Materials and Methods: A total of 55 ambulant SSs and 110 age–sex-matched AHCs were recruited from two Nigerian hospitals. The FoF, GC (gait speed, cadence, stride length, and step length), and DB were assessed using the fall efficacy scale-international, accelerometer (BTS-G walk) and time-up and go test, respectively. Pearson’s product-moment correlation coefficient and an independent t-test were applied. The alpha level was set at P < 0.05.

Results: The majority of SSs (87%) had a high risk of falling while AHCs (94.5%) had a low risk of falling. Additionally, 23.6% of SSs and 17.3% of AHCs had had a fall 12 months preceding the study. The SSs had significantly lower gait speeds (0.8 ± 0.3 m/s vs. 1.2 ± 0.3 m/s; t: -8.286; P < 0.001), cadence (80.5 ± 25.3 steps/min vs. 110.1 ± 11.3 steps/min; t: -10.399; P < 0.001), and DB (26.9 ± 18.1 s vs. 9.0 ± 2.4 s; t: 10.240; P < 0.001) than AHCs. The FoF was negatively correlated with cadence (r: -0.340; P = 0.011) and gait speed (r: -0.383; P = 0.004), and positively correlated with DB (r: 0.700; P < 0.001), while gait speed was negatively correlated with DB (r: -0.645; P < 0.001) among SSs. A similar pattern of correlations was observed among AHCs.

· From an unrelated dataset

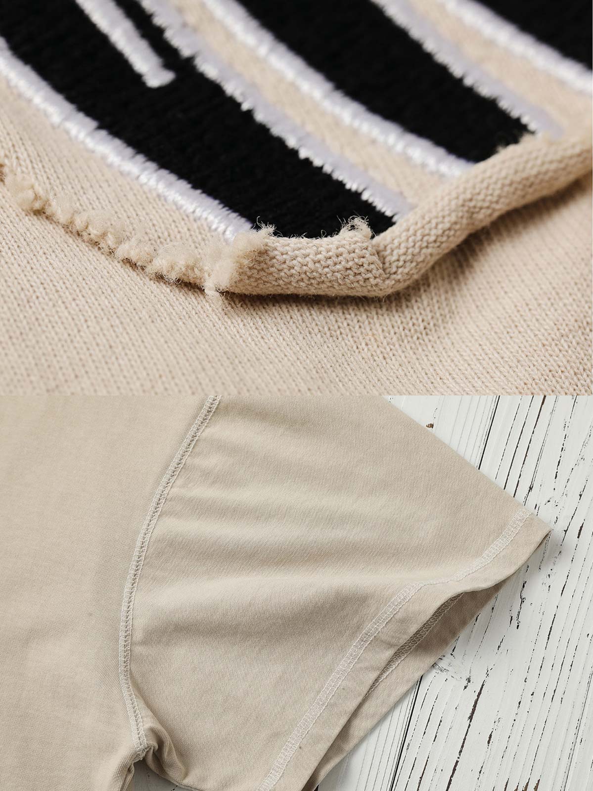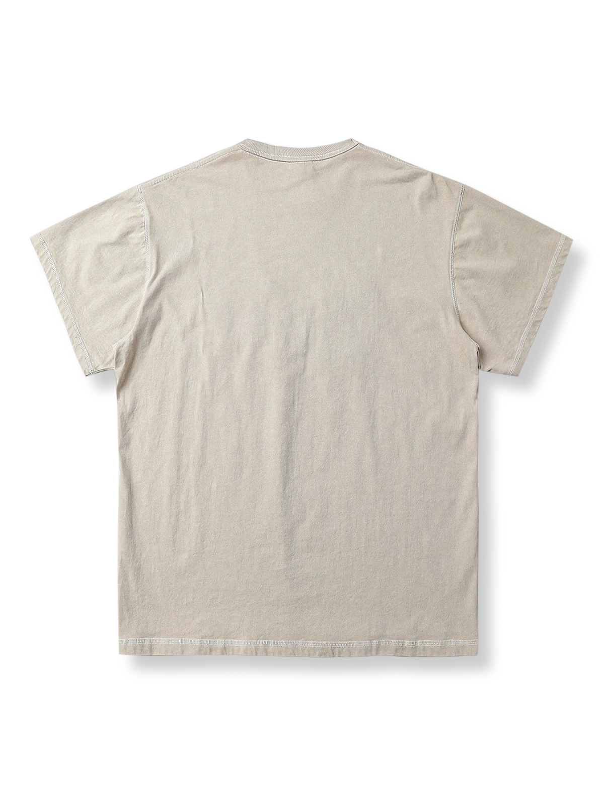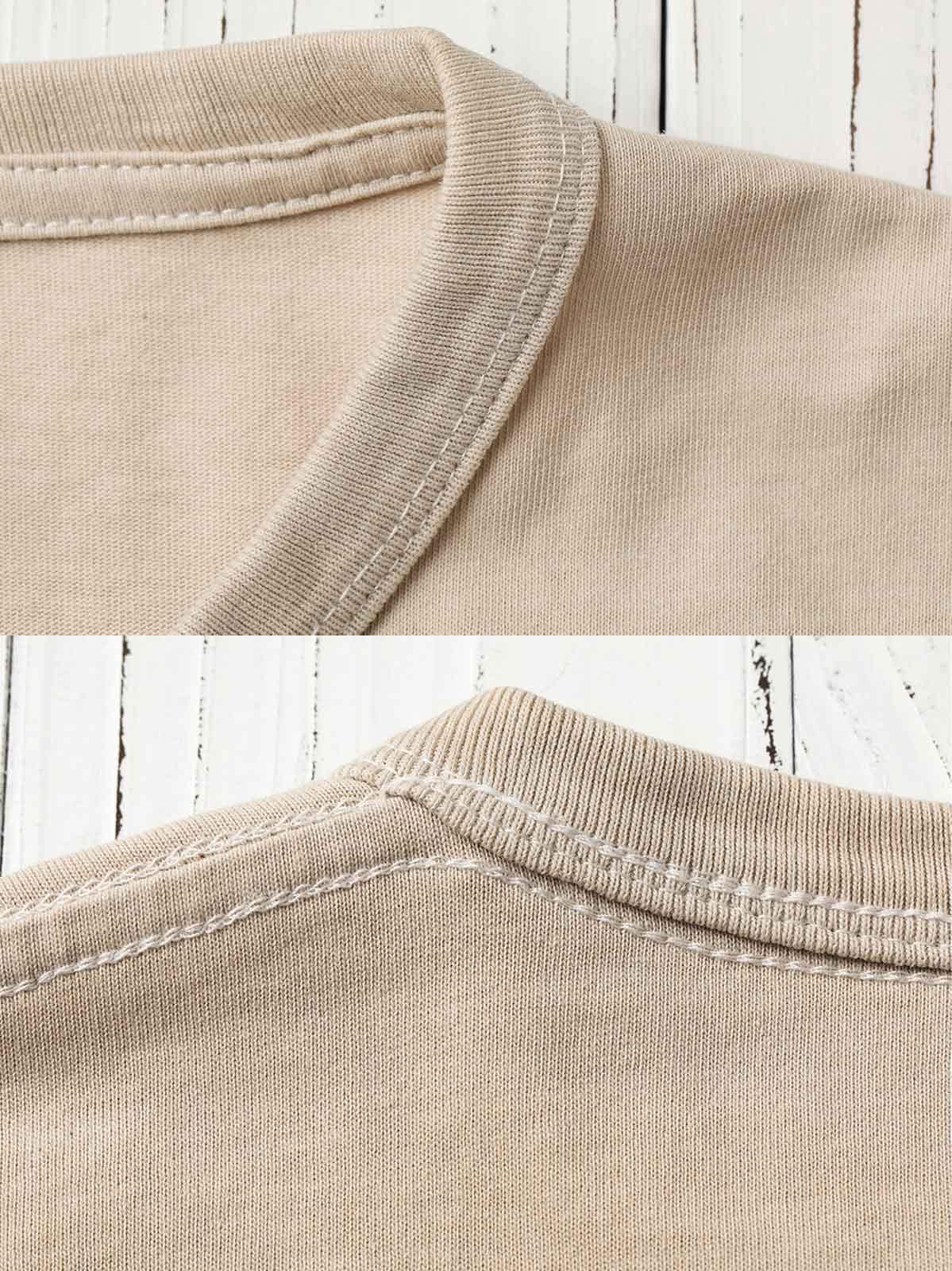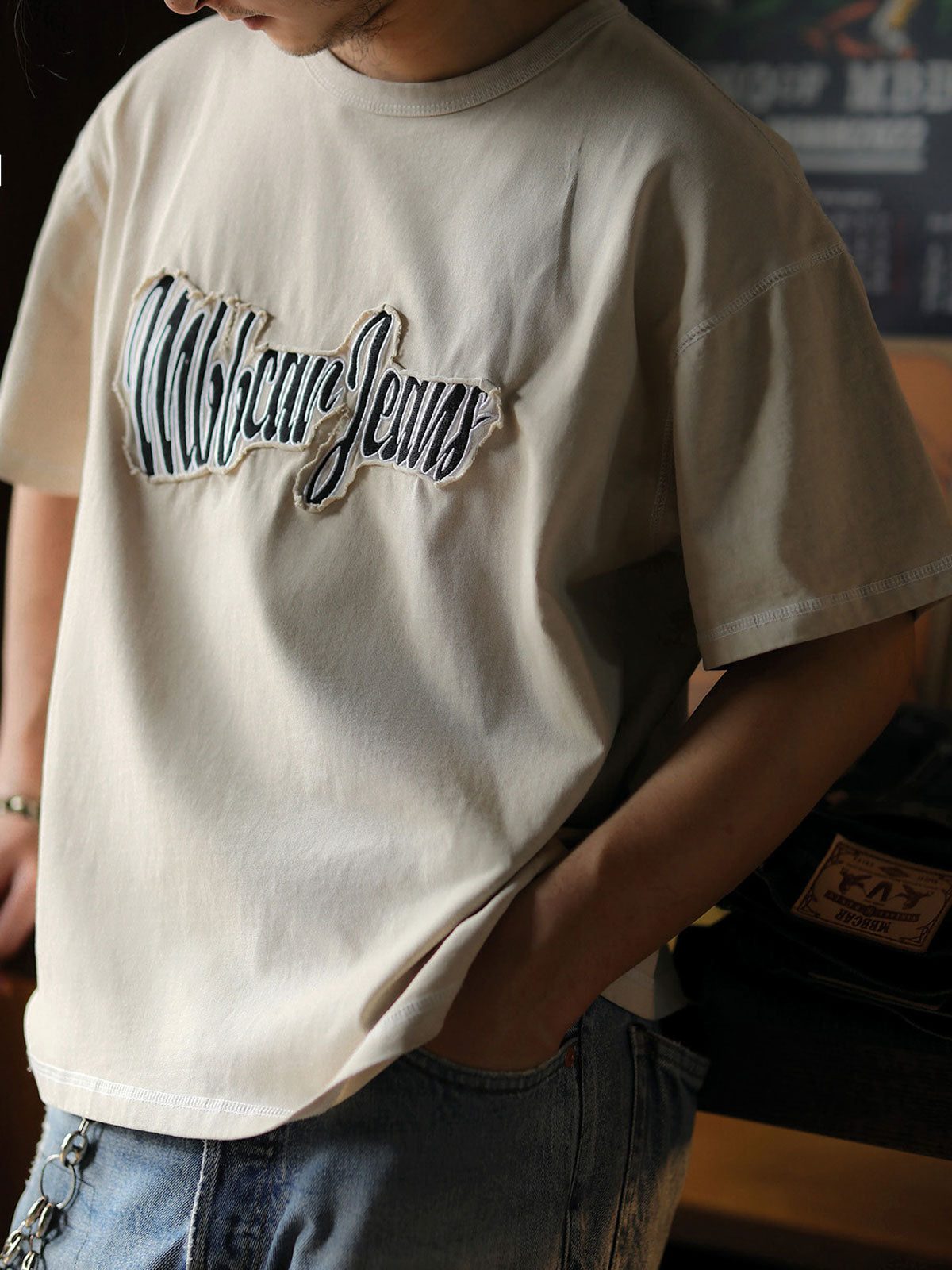 このTシャツは、260グラムの32番糸コットン素材を使用しており、ワックス染めと後染め加工が施されています。そのため、独特の軽いムラ感とヴィンテージ風の仕上がりになっています。パッチ刺繍技術により、洗濯後にパッチが自然に巻き上がり、レトロな雰囲気を強調します。目立つコントラストステッチデザインが層次感を増し、ショートワイドフィットとウエストシェイプカットが裾の広がりを防ぎます。32番糸素材は柔らかく肌に優しく、弾力と質感を兼ね備えています。260グラムの厚さが細やかな手触りと優れた通気性を提供します。リブネック加工は二重ステッチで縫製され、しっかりとして変形しにくいです。袖口と裾、アームホールにはハンドメイド感の強いカンハ刺繍技法が使われています。

Conclusion: SSs demonstrated a high FoF, poor DB with an increased risk of falling, and altered GC compared with AHCs. In addition, significant relationships were found among FoF, DB, and GC among SSs and AHCs.

Introduction

Stroke is a major public health problem and a leading cause of death and disability among older adults worldwide, affecting about 80.1 million people globally (1,2). The highest incidence, prevalence, and case mortality were reported in Africa, with rates of 316/100,000, 14/1,000, and a one-month fatality up to 40%, respectively (3,4). The prevalence of stroke in Nigeria is 1.14 per 1.000 (5). Many stroke survivors (SSs) are left with residual hemiparesis, which impairs mobility and function in approximately two-thirds of the affected population (6). As a result, there is a high rate of physical inactivity following stroke, which has been found to propagate disability through deconditioning and learned non-use (6). Dysfunction in walking observed in stroke cases often results from weakened muscle strength, abnormal postural control, decreased mobility, and cognitive dysfunction, as well as other stroke-related characteristics (7,8). The most commonly stated priority of survivors is the recovery of functional independence, especially in walking, as it is an important determinant/factor for independent daily living (9,10). The most common reported complication among chronic survivors is a fall, and this occurs frequently during walking (11).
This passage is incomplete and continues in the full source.